**Data for analysis**

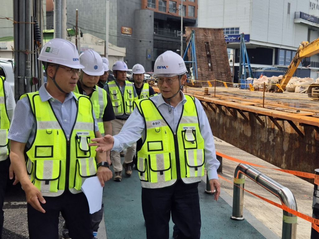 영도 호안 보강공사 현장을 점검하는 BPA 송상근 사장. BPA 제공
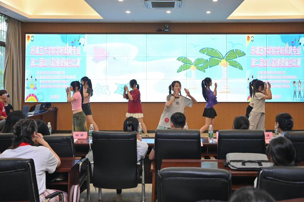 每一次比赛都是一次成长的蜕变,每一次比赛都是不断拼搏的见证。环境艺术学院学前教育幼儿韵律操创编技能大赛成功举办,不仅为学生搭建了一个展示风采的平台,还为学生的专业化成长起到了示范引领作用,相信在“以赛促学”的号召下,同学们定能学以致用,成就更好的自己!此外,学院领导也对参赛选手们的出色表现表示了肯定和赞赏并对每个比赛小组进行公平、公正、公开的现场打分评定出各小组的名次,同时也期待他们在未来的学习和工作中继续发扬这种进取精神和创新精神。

...

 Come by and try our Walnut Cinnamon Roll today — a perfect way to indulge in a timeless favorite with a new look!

**Required work**
Going by the data above, give back only the lines from the one containing "영도 호안 보강공사 현장을 점검하는 BPA 송상근 사장. BPA 제공" through the one containing "每一次比赛都是一次成长的蜕变", exactly as they stand, both ends included and no images.

**Solution for this exercise**
 영도 호안 보강공사 현장을 점검하는 BPA 송상근 사장. BPA 제공
 每一次比赛都是一次成长的蜕变,每一次比赛都是不断拼搏的见证。环境艺术学院学前教育幼儿韵律操创编技能大赛成功举办,不仅为学生搭建了一个展示风采的平台,还为学生的专业化成长起到了示范引领作用,相信在“以赛促学”的号召下,同学们定能学以致用,成就更好的自己!此外,学院领导也对参赛选手们的出色表现表示了肯定和赞赏并对每个比赛小组进行公平、公正、公开的现场打分评定出各小组的名次,同时也期待他们在未来的学习和工作中继续发扬这种进取精神和创新精神。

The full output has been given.